# Dataset excerpts

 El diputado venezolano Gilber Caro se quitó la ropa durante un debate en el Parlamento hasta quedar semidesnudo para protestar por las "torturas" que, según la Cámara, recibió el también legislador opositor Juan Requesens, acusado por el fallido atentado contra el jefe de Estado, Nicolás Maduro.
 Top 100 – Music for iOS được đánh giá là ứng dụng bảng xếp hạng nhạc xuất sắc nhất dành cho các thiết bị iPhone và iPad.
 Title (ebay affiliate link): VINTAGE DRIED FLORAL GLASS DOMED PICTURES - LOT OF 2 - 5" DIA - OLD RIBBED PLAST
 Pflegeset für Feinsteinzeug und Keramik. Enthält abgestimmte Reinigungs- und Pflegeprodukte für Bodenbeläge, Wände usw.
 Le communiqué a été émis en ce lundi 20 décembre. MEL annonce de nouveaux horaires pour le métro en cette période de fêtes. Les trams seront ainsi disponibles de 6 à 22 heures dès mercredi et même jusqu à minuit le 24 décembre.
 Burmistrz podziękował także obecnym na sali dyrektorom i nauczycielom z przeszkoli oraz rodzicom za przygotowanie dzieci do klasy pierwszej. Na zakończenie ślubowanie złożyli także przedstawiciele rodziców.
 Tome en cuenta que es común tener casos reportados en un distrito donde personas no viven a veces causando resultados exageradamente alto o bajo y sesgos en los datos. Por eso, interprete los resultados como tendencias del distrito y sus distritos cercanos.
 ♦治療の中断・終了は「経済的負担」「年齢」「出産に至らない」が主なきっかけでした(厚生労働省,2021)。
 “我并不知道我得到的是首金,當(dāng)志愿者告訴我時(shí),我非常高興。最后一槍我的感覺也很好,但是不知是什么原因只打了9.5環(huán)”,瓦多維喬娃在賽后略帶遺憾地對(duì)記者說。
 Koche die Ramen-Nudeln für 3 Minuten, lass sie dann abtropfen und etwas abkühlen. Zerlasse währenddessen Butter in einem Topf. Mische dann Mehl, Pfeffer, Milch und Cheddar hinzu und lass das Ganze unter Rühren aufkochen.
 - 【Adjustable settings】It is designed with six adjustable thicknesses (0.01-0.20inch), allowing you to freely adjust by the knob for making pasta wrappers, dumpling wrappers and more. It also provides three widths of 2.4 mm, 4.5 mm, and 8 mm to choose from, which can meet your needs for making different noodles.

# YOUR OBJECTIVE
In the entries above, find the line with "Title (ebay affiliate" and the line with "Burmistrz podziękował także", then set down exactly those two and every line between them, nothing else.

# SOLUTION BELOW
 Title (ebay affiliate link): VINTAGE DRIED FLORAL GLASS DOMED PICTURES - LOT OF 2 - 5" DIA - OLD RIBBED PLAST
 Pflegeset für Feinsteinzeug und Keramik. Enthält abgestimmte Reinigungs- und Pflegeprodukte für Bodenbeläge, Wände usw.
 Le communiqué a été émis en ce lundi 20 décembre. MEL annonce de nouveaux horaires pour le métro en cette période de fêtes. Les trams seront ainsi disponibles de 6 à 22 heures dès mercredi et même jusqu à minuit le 24 décembre.
 Burmistrz podziękował także obecnym na sali dyrektorom i nauczycielom z przeszkoli oraz rodzicom za przygotowanie dzieci do klasy pierwszej. Na zakończenie ślubowanie złożyli także przedstawiciele rodziców.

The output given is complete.